Nos últimos anos, a Anca, o mais conhecido braço do MST, ao lado da Concrab (Confederação das Cooperativas de Reforma Agrária), perdeu espaço na captação de verbas públicas. Em 2007, o lugar foi assumido pelo Itac. Desde o ano passado, a liderança é ocupada pela Cotrasc (Cooperativa dos Trabalhadores da Reforma Agrária de Santa Catarina), quinta colocada no ranking dos repasses no período do governo Lula.
À sua frente, em terceiro lugar, destaca-se a Copetec (Cooperativa de Prestação de Serviços Técnicos do Rio Grande do Sul).
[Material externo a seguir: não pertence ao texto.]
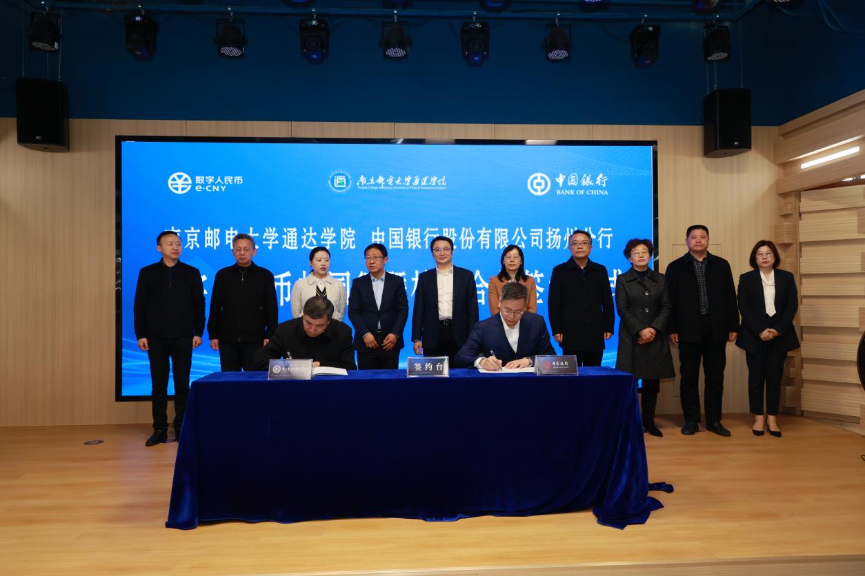 为积极响应国家数字人民币发展战略,展示awc777万象城娱乐官网与中国银行在数字人民币校园应用场景的探索成果,推动数字人民币走进校园,3月2日上午,“数通云中 智达未来”数字人民币签约仪式在万象城官网双创中心举行,标志着扬州首家数字人民币教育应用场景落地万象城官网。扬州市副市长汤卫华、中国银行江苏省分行副行长朱复兴、扬州市地方金融监管局局长李宁、人民银行扬州市中心支行行长何敏、扬州市科学技术局副局长卞加林、扬州市工业和信息化局副局长郭万山、扬州市委教育工委副书记王朝勃、中国银行扬州分行行长蒯海涛及中国银行扬州分行相关负责人,学院全体领导班子成员及相关部门负责人参加活动。活动由中国银行扬州分行薛琴仙主持。
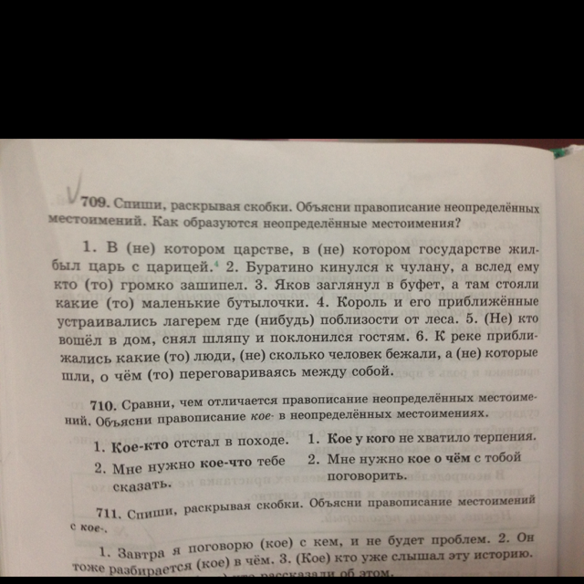 1. В некотором царстве, в некотором государстве жил-был царь с царицей. 2. Буратино кинулся к чулану, а вслед ему кто-то громко зашипел. 3. Яков заглянул в буфет, а там стояли какие-то маленькие бутылочки. 4. Король и его приближенные устраивались лагерем где-нибудь поблизости от леса. 5. Некто вошёл в дом, снял шапку и поклонился гостям. 6. К реке приближались какие-то люди, несколько человек бежали, а некоторые шли, о чем-то переговариваясь между собой.
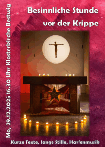 Zu einer weihnachtlichen Stunde zwischen den Jahren lädt das Bergkloster Bestwig ein am Montag, 29. Dezember um 16.30 Uhr in der Kirche des Bergklosters. Die Stunde vor der Krippe wird von Gästen gestaltet, die die Texte aussuchen und lesen, im Übrigen nach dem Rhythmus: Text – Stille – Harfenmusik. Der Eintritt ist frei.
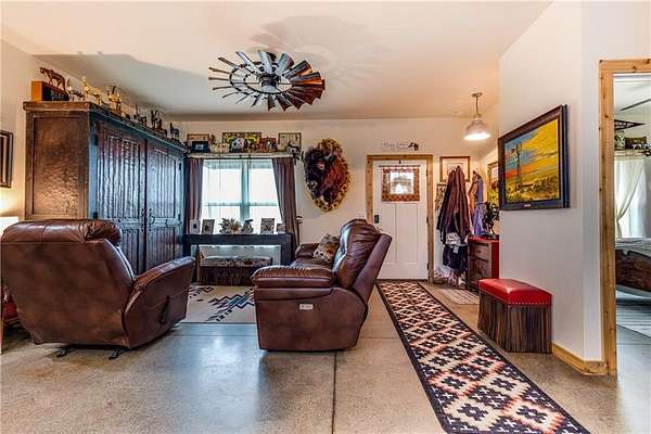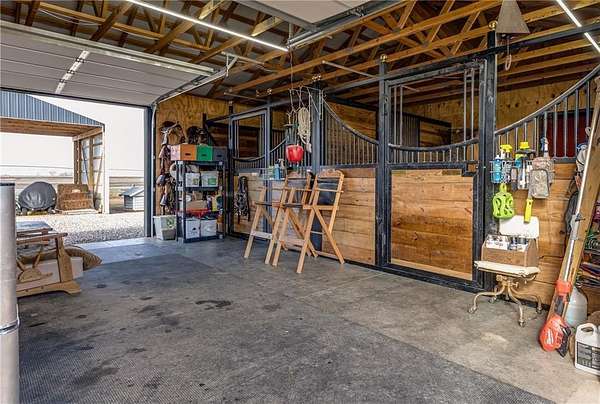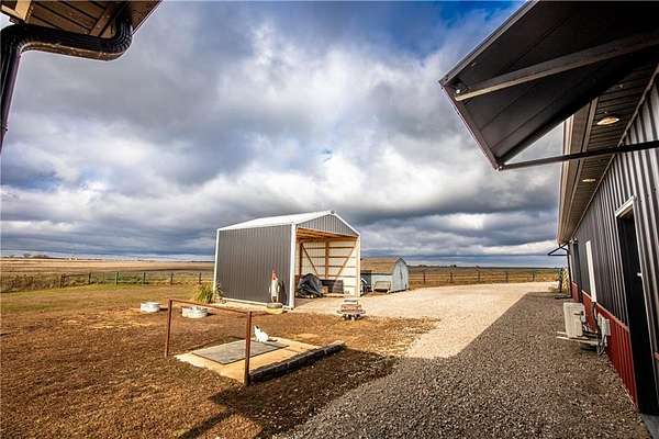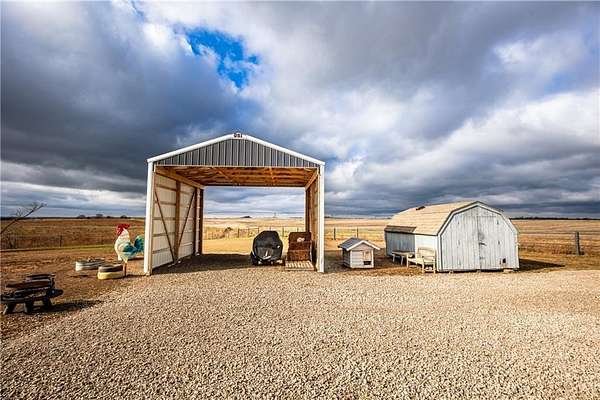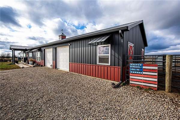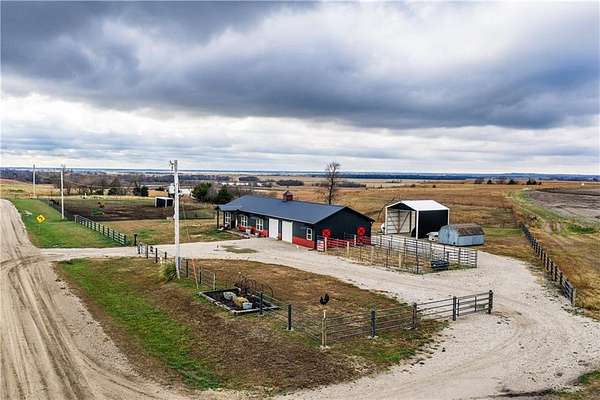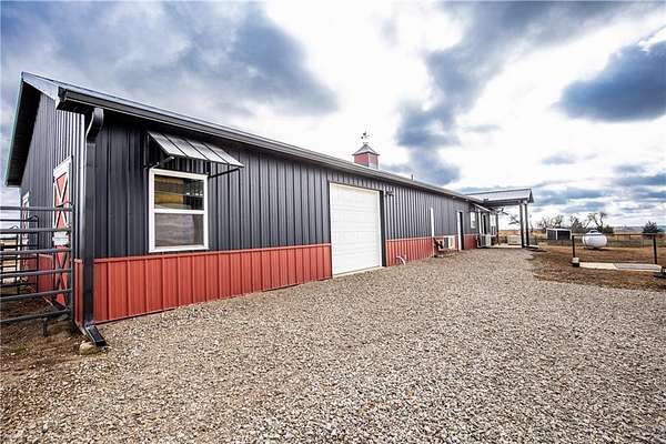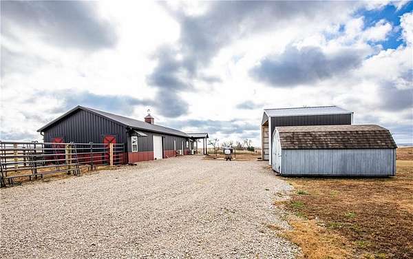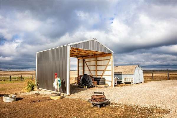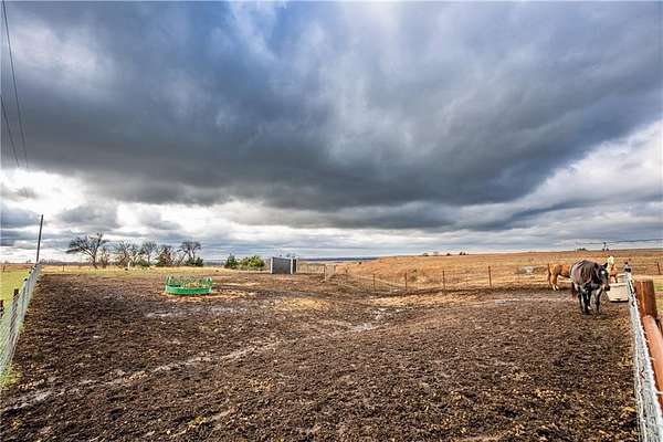 Horse lover's dream! Experience this one of a kind custom built home on 5 acres, set up to pamper your equine family members! You'll feel right at home in this 1 conforming bedroom (with 2 nonconforming bedrooms), 2 full baths home. Open floor plan with an eat-in country kitchen, beautiful primary bedroom and bathroom suite, convenient laundry off the kitchen, 2 car attached garage and 2 horse stalls with run out paddocks attached to the home as well! The home is all electric but comes with piece of mind! There is a propane powered, whole house Generac generator system for the unfortunate times when the power is out along with a 500 gallon propane tank. The 5 acres is fully fenced with cross fencing and a pond. There is a newly built QSI hay shed along with other sheds, too. With views for miles, you won't find a better spot to watch the amazing Kansas sunrises, sunsets and thunderstorms! If horses aren't your jam, the property would be amazing for the show jockeys in the crowd, too! It would be perfect for the cattle, goat or swine show folks as well or simply turn the property into your very own rural oasis away from the crowds and busyness of town.
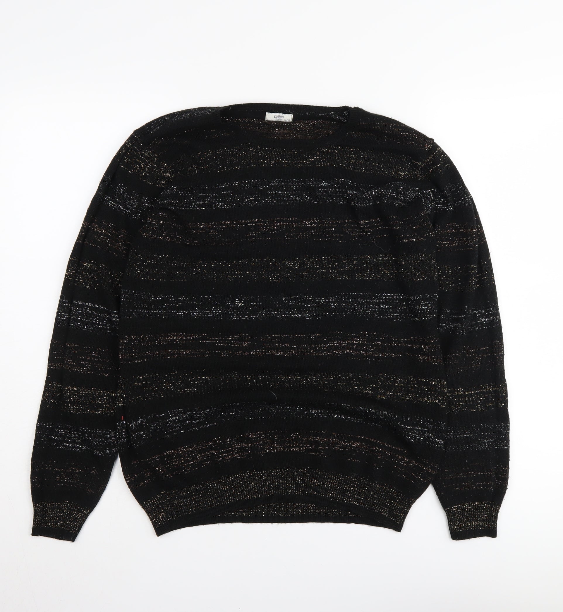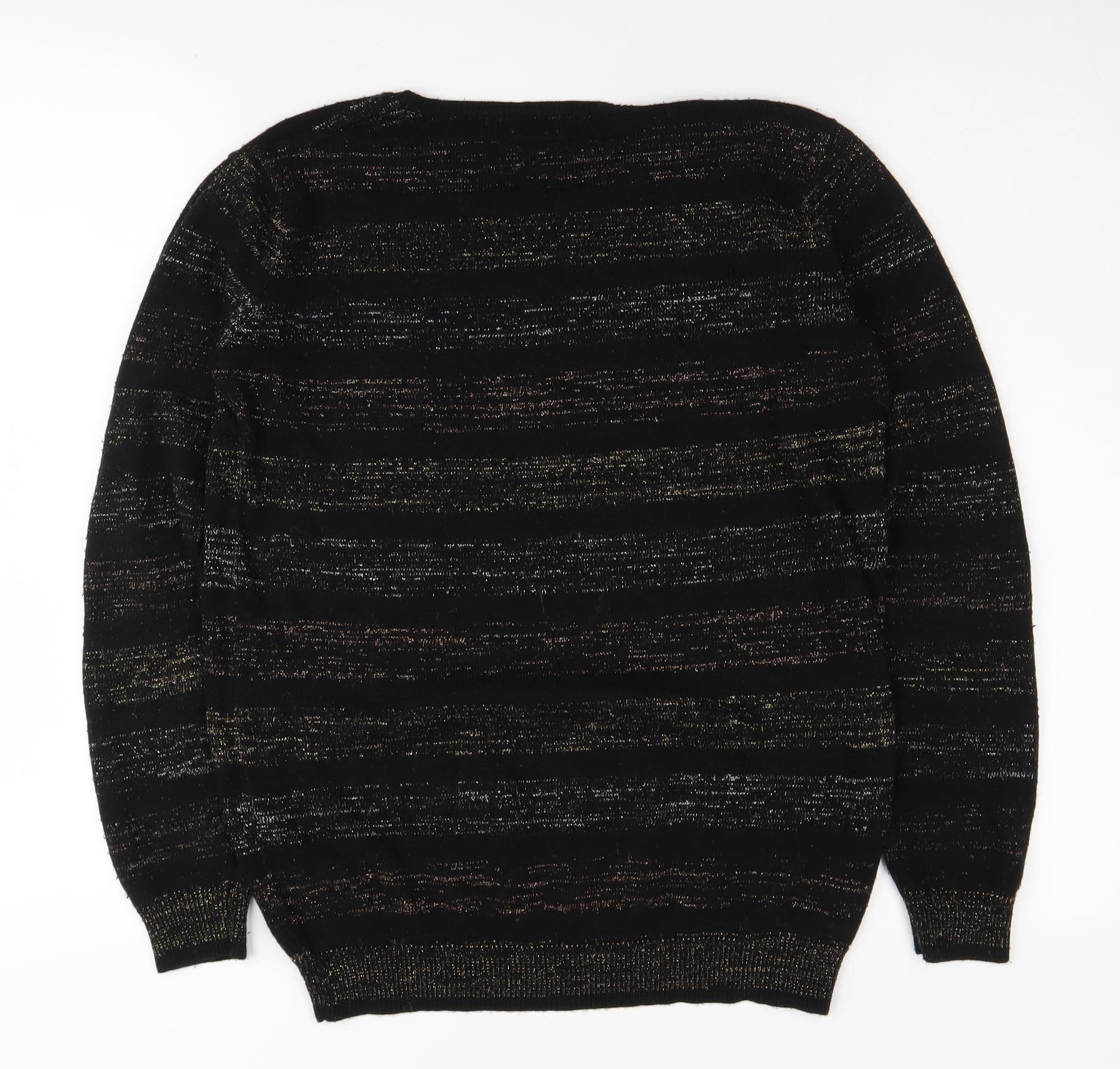 Cotton Traders Women's Black Striped Jumper - Size 10/12
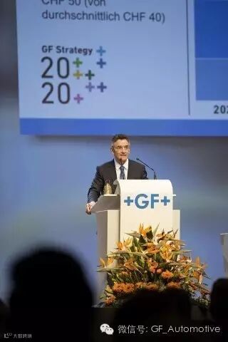 随后,乔治费歇尔首席执行官Yves Serra先生展示了涵盖三个核心业务的数据,包括:GF管路系统,GF汽车产品和GF机加方案。他的演讲不仅介绍了企业在全球经济发展中的状况,同时向股东宣讲了GF的企业战略以及如何加强创新能力,拓展营销业务,推动实益业务的商业动机。

Por meio de um único convênio, o Incra (Instituto Nacional de Colonização e Reforma Agrária) pagou R$ 8,3 milhões por "alternativas viável [sic] para a solução de problemas básicos da sociedade brasileira", segundo justificativa lançada no Siafi.
Álvaro Dellatorre, responsável pela Copetec, diz que o dinheiro só foi repassado mediante a prestação de contas de serviços de assistência técnica e apoio na execução de linhas de crédito do governo aos assentados, além de laudos de vistoria encomendados pelo Incra. "É que misturam, falam que é repasse para o MST porque a entidade é ligada ao movimento, mas são coisas diferentes", afirmou Dellatorre.

Transferência
Logo depois de a Anca perder terreno na captação de recursos, a responsável legal por parte de seus convênios, Gislei Siqueira Knierim, foi transferida para a Cepatec (Centro de Formação e Pesquisa), listada entre as dez entidades que mais receberam verbas federais no governo Lula: R$ 5,8 milhões.
Com sede em São Paulo, a entidade usou termos agora considerados inadequados pelo governo para justificar o convênio com o Incra, que bancou reuniões e distribuição de cartilhas para assentados: "Apesar do compromisso do governo brasileiro com a questão, há setores da sociedade, sobretudo o latifúndio, que não veem os ganhos coletivos da reforma, senão suas próprias perdas, engajadas em maquinações políticas e jurídicas para barrar a luta dos trabalhadores".
Localizada pela Folha no escritório do MST em Brasília, Gislei preferiu se calar sobre a atividade da entidade. "Eu já fui procuradora [da Cepatec], mas não sou mais", disse. Ela teve o nome mencionado no relatório final da CPI da Terra por ter supostamente desviado R$ 19,5 mil de um dos convênios assinados com a União, quando era representante da Anca. Há três semanas, a entidade teve os bens bloqueados.